Reproduce the complete set of records exactly. No picture is to appear in the copy.

====

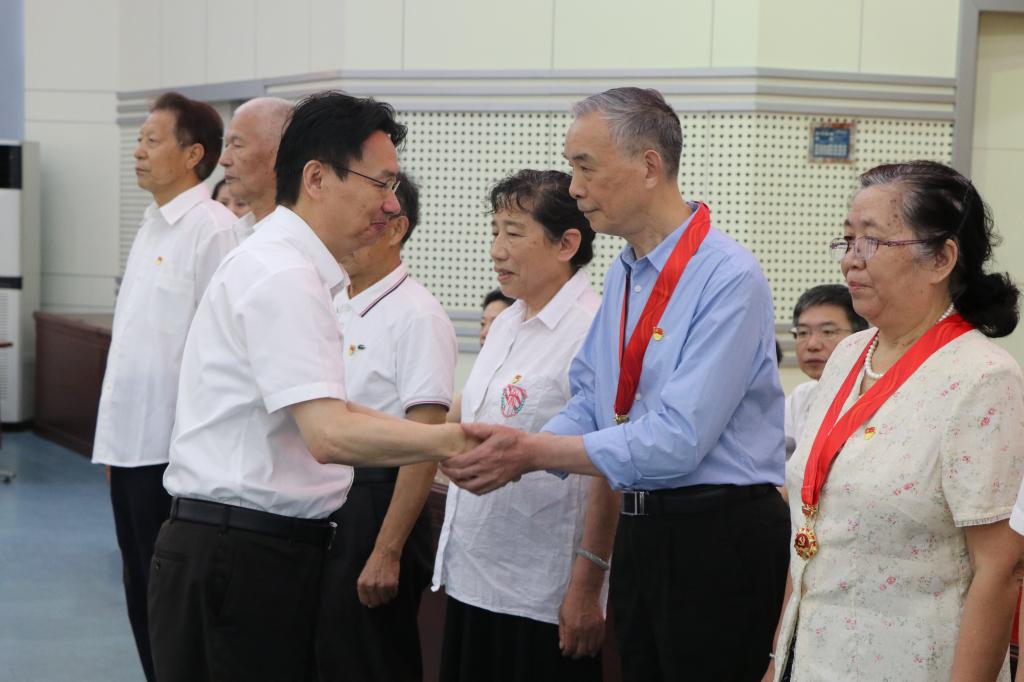 值此建党100周年来临之际,彭瑜代表公司党委向获颁纪念章的老党员们致以节日的问候和最崇高的敬意,衷心感谢全体老党员、老干部为公司发展所做的贡献。他指出,老党员们是峥嵘岁月的亲历者、是艰苦奋斗的参与者、是蓬勃发展的见证者,亲身经历了公司“从无到有”的沧桑巨变、“从小到大”的跨越发展、“从弱到强”的光辉历程。全校老党员们几十年如一日,立足本职、拼搏奉献,用最美的青春年华,默默无闻地为党的教育事业工作,“一颗红心永向党”的政治品格、“俯首甘为孺子牛”的教育情怀、“以身示范敢为先”的责任担当、“撸起袖子加油干”的奋斗精神,在党为党的崇高思想境界和优良作风,永远值得我们认真学习传承,不断发扬光大。同时,他希望老党员、老干部们一如既往的支持和关心公司各项事业的发展,继续做好传帮带、发挥余热。
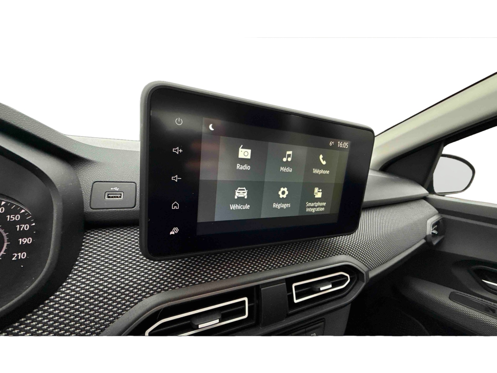 - Media display (écran 8'', réplication smartphone, 4 haut-parleurs, 1 port USB)
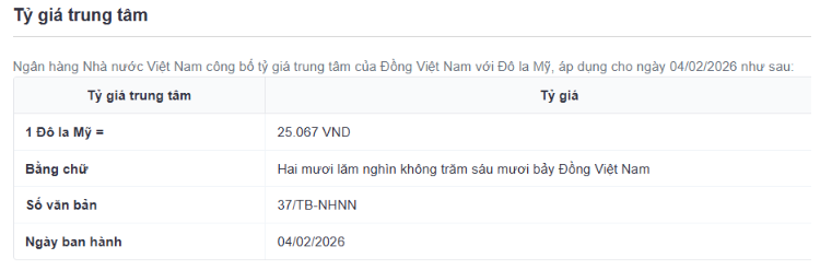 Tỷ giá trung tâm sáng nay được Ngân hàng Nhà nước niêm yết ở mức 25.067 VND/USD, giảm 2 đồng so với phiên liền kề.
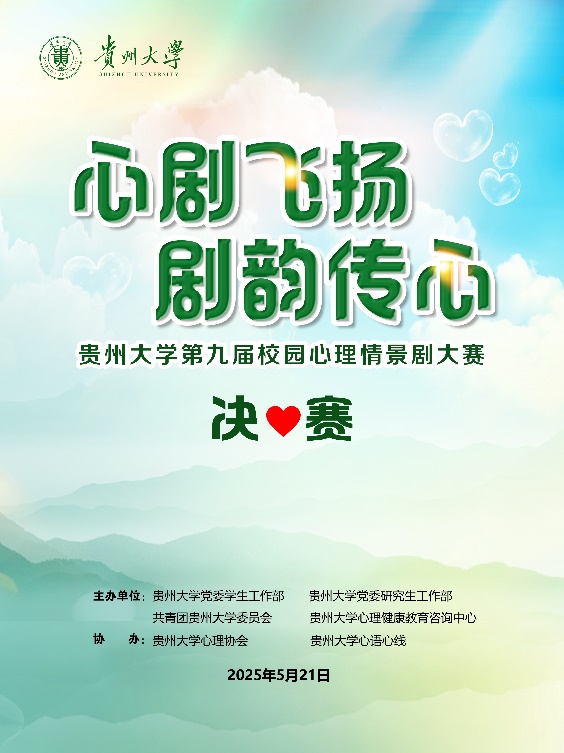 为深入探讨大学生在成长过程中面临的各种心理问题,引导学生关注心理健康,提升自我认知与自我调适能力,5月10日上午,“心剧飞扬·剧韵传心”贵州大学第九届校园心理情景剧大赛预赛在西校区贤正楼107报告厅举行。
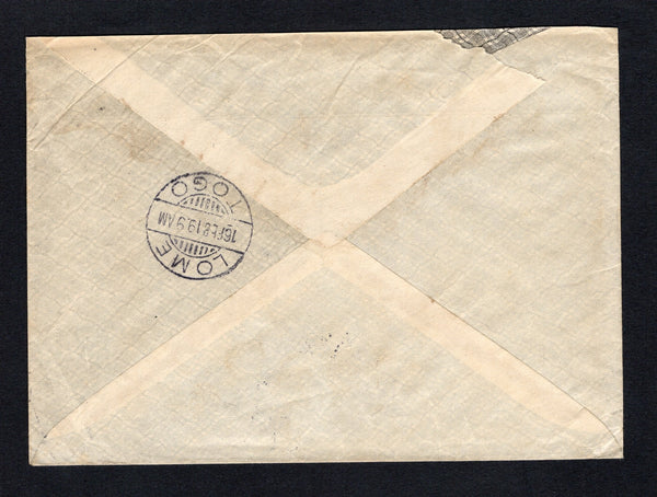 Printed 'Societe Commercial de L'Ouest Africain' cover franked with single 1912 2½d deep blue GV issue (SG 116) tied by FREETOWN cds dated FE 1 1919. Addressed to LOME, TOGOLAND with LOME TOGO arrival cds on reverse.
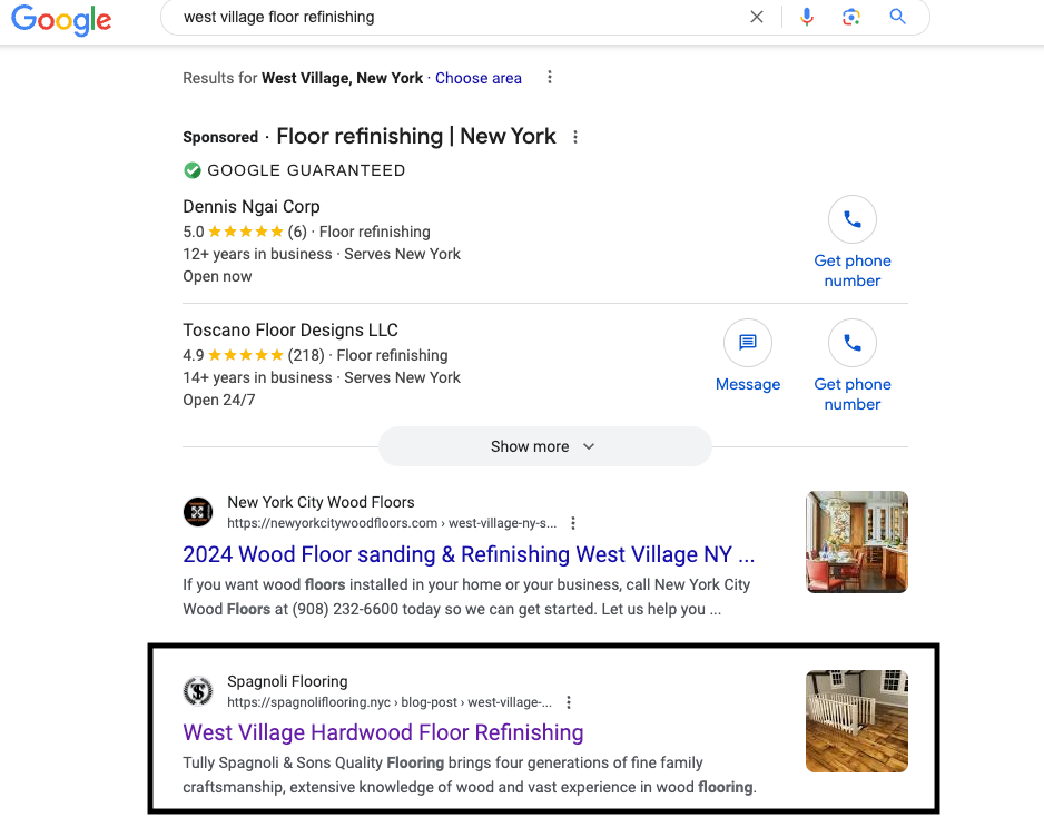 By making the new Spagnoli Flooring website fast, easy to use, and full of content – authentic pictures, real videos, blog posts, and service pages that aim to help people looking for solutions – we improved their search rankings and traffic dramatically.
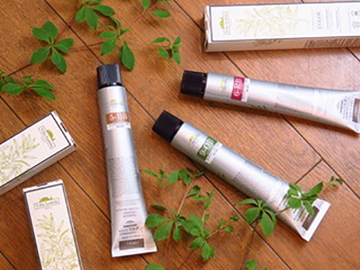 ◉オーガニックの植物の力を用いて染まりを良くする事により、アルカリや過酸化水素の量を抑え、ダメージを軽減し繰り返し染めても痛まず艶やかな仕上がりを実現。
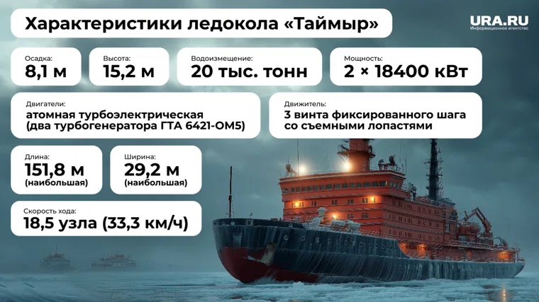 «Таймыр», относящийся к одноименному типу атомных ледоколов, был построен в конце 80-х в Финляндии, однако силовая установка советского производства устанавливалась уже в Ленинграде. Введен в эксплуатацию в 1989 году. За счет мощности в 50 тысяч лошадиных сил «Таймыр» ломает лед толщиной до 1,77 метра при скорости два узла.
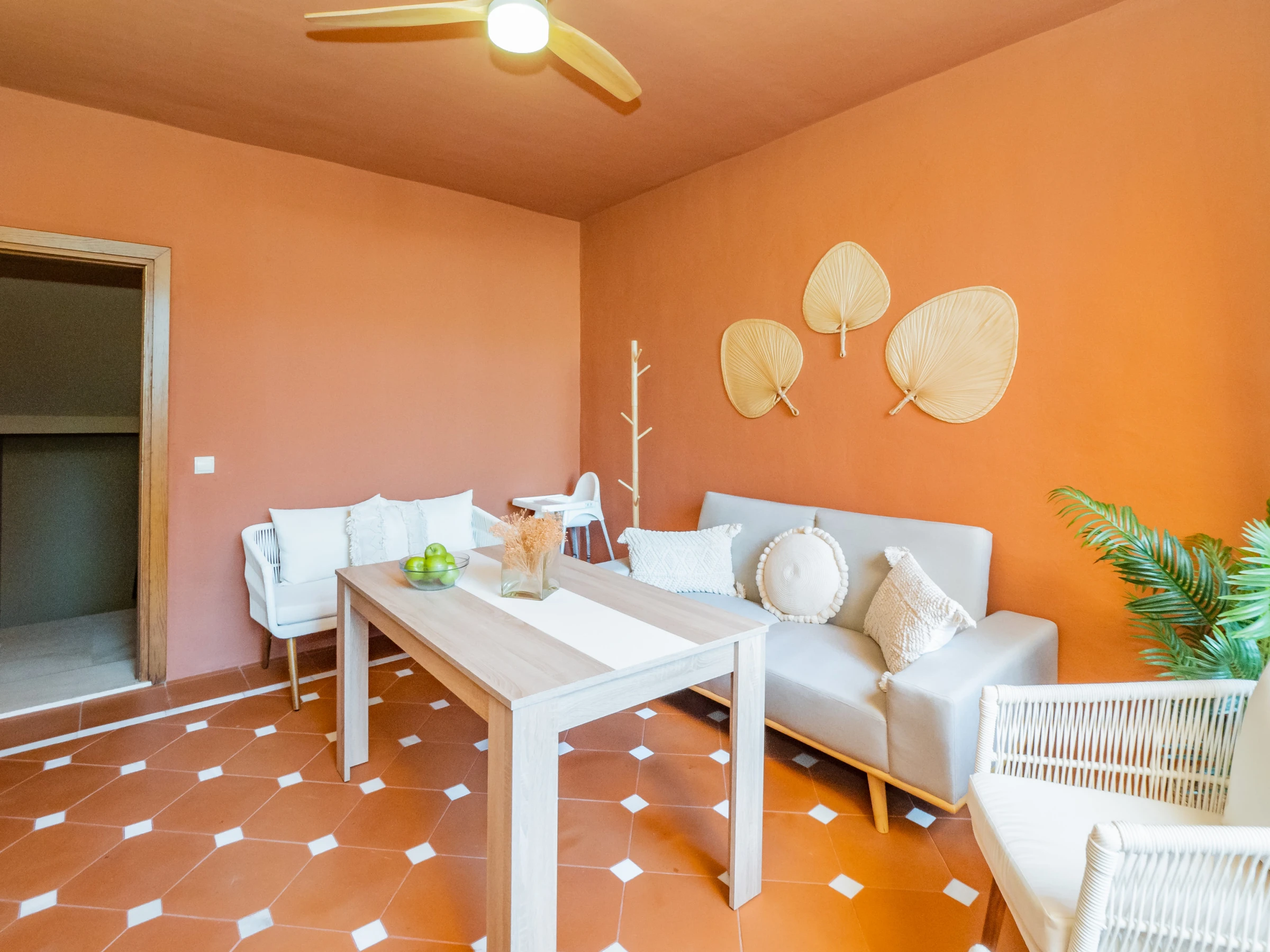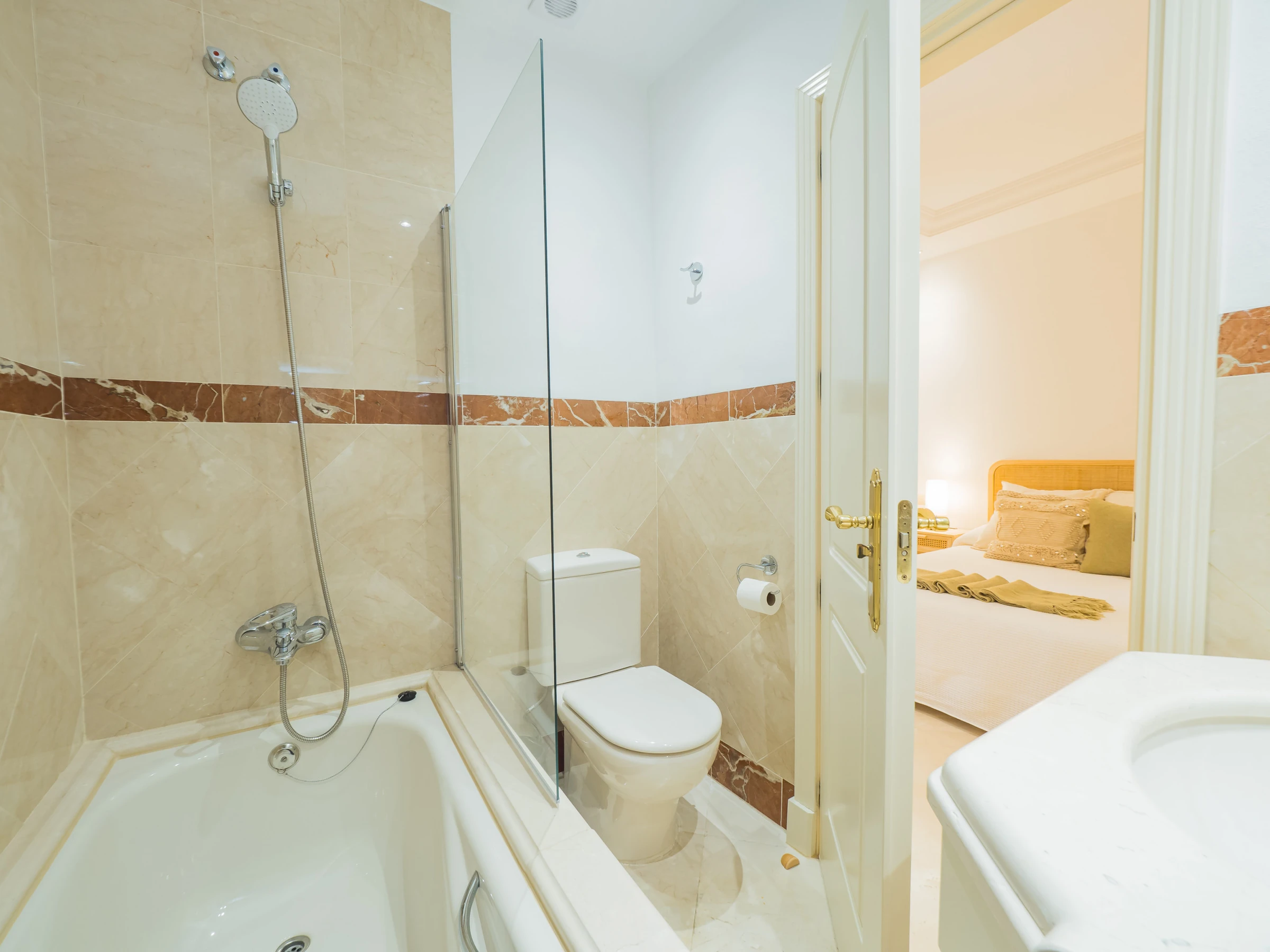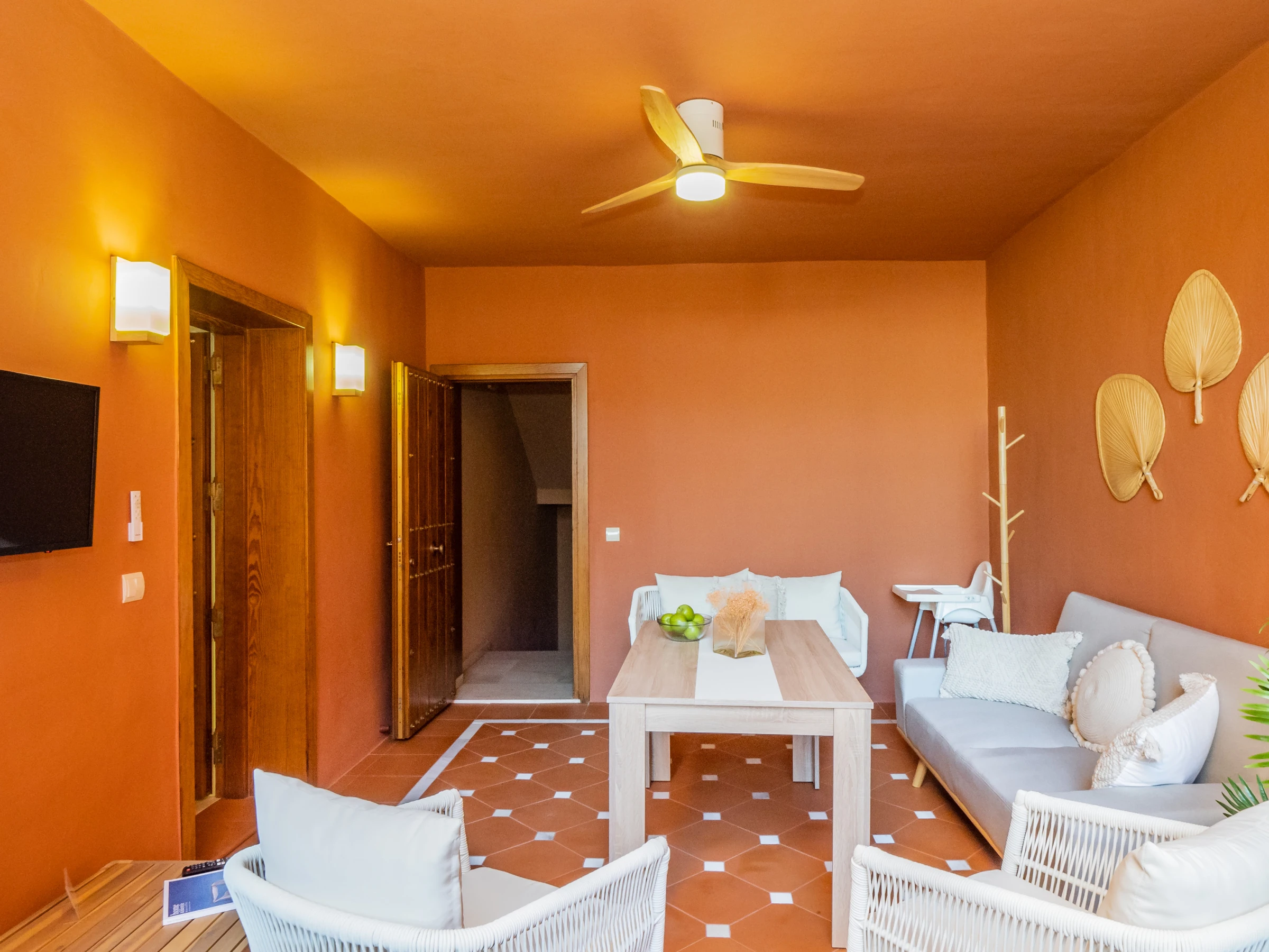 Die beiden Schlafzimmer verfügen über Doppelbetten, geräumige Kleiderschränke und Fenster oder direkten Zugang zur Terrasse, was das Eindringen von natürlichem Licht erleichtert. Eines der Schlafzimmer verfügt über ein privates Badezimmer en suite, während das zweite Badezimmer sich in einem gemeinsamen Bereich befindet und vom Flur aus zugänglich ist. Das Einzelschlafsofa im verglasten Wohnzimmer kann die fünfte Person beherbergen, obwohl in einigen Zeiträumen möglicherweise ein Aufpreis erhoben wird. 📺🛏️

====

→ **Solution to the exercise**
 值此建党100周年来临之际,彭瑜代表公司党委向获颁纪念章的老党员们致以节日的问候和最崇高的敬意,衷心感谢全体老党员、老干部为公司发展所做的贡献。他指出,老党员们是峥嵘岁月的亲历者、是艰苦奋斗的参与者、是蓬勃发展的见证者,亲身经历了公司“从无到有”的沧桑巨变、“从小到大”的跨越发展、“从弱到强”的光辉历程。全校老党员们几十年如一日,立足本职、拼搏奉献,用最美的青春年华,默默无闻地为党的教育事业工作,“一颗红心永向党”的政治品格、“俯首甘为孺子牛”的教育情怀、“以身示范敢为先”的责任担当、“撸起袖子加油干”的奋斗精神,在党为党的崇高思想境界和优良作风,永远值得我们认真学习传承,不断发扬光大。同时,他希望老党员、老干部们一如既往的支持和关心公司各项事业的发展,继续做好传帮带、发挥余热。
 - Media display (écran 8'', réplication smartphone, 4 haut-parleurs, 1 port USB)
 Tỷ giá trung tâm sáng nay được Ngân hàng Nhà nước niêm yết ở mức 25.067 VND/USD, giảm 2 đồng so với phiên liền kề.
 为深入探讨大学生在成长过程中面临的各种心理问题,引导学生关注心理健康,提升自我认知与自我调适能力,5月10日上午,“心剧飞扬·剧韵传心”贵州大学第九届校园心理情景剧大赛预赛在西校区贤正楼107报告厅举行。
 Printed 'Societe Commercial de L'Ouest Africain' cover franked with single 1912 2½d deep blue GV issue (SG 116) tied by FREETOWN cds dated FE 1 1919. Addressed to LOME, TOGOLAND with LOME TOGO arrival cds on reverse.
 By making the new Spagnoli Flooring website fast, easy to use, and full of content – authentic pictures, real videos, blog posts, and service pages that aim to help people looking for solutions – we improved their search rankings and traffic dramatically.
 ◉オーガニックの植物の力を用いて染まりを良くする事により、アルカリや過酸化水素の量を抑え、ダメージを軽減し繰り返し染めても痛まず艶やかな仕上がりを実現。
 «Таймыр», относящийся к одноименному типу атомных ледоколов, был построен в конце 80-х в Финляндии, однако силовая установка советского производства устанавливалась уже в Ленинграде. Введен в эксплуатацию в 1989 году. За счет мощности в 50 тысяч лошадиных сил «Таймыр» ломает лед толщиной до 1,77 метра при скорости два узла.
 Die beiden Schlafzimmer verfügen über Doppelbetten, geräumige Kleiderschränke und Fenster oder direkten Zugang zur Terrasse, was das Eindringen von natürlichem Licht erleichtert. Eines der Schlafzimmer verfügt über ein privates Badezimmer en suite, während das zweite Badezimmer sich in einem gemeinsamen Bereich befindet und vom Flur aus zugänglich ist. Das Einzelschlafsofa im verglasten Wohnzimmer kann die fünfte Person beherbergen, obwohl in einigen Zeiträumen möglicherweise ein Aufpreis erhoben wird. 📺🛏️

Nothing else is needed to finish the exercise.